Assignment >>
Could you please count how many lines in the data below hold the string "that"? Reply with only the number.

Available records >>

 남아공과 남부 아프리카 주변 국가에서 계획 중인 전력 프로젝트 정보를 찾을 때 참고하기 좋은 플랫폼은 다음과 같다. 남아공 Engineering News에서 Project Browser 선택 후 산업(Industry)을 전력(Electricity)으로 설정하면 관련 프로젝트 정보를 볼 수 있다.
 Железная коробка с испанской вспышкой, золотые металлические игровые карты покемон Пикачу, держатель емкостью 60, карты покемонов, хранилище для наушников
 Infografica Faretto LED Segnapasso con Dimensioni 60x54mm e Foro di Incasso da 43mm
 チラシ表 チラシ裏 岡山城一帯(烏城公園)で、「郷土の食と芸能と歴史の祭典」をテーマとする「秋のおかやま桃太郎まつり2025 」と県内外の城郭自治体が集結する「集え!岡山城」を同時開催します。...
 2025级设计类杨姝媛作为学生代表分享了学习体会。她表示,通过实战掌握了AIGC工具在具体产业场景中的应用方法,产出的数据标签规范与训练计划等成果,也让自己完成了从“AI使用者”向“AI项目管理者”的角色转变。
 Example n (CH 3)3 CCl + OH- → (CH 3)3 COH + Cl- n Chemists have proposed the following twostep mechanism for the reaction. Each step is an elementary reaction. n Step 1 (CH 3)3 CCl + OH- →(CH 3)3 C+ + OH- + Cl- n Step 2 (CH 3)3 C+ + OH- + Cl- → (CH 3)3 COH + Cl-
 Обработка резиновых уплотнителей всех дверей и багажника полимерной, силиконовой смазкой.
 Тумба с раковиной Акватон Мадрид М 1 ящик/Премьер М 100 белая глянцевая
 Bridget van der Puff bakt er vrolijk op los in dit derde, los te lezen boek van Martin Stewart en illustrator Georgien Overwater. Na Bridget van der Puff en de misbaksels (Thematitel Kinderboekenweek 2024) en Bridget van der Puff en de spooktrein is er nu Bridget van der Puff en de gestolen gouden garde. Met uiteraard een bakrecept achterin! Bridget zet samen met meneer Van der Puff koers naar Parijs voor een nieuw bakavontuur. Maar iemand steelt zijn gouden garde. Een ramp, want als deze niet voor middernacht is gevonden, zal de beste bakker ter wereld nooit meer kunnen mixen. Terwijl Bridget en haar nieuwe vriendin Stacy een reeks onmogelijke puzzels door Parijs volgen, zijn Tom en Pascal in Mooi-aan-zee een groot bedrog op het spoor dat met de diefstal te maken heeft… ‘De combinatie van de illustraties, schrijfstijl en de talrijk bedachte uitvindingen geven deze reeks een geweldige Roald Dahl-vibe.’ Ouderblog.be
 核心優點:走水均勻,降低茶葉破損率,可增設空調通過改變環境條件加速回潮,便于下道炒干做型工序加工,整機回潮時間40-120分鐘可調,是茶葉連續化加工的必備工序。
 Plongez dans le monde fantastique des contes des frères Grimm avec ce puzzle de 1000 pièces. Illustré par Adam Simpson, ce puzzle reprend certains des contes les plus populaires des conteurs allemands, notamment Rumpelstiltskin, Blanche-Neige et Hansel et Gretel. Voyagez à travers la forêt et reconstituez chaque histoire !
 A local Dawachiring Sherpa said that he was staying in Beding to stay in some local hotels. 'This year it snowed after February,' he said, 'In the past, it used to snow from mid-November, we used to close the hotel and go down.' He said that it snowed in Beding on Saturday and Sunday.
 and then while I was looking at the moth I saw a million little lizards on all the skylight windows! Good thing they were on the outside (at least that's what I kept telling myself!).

Exercise solution >>
2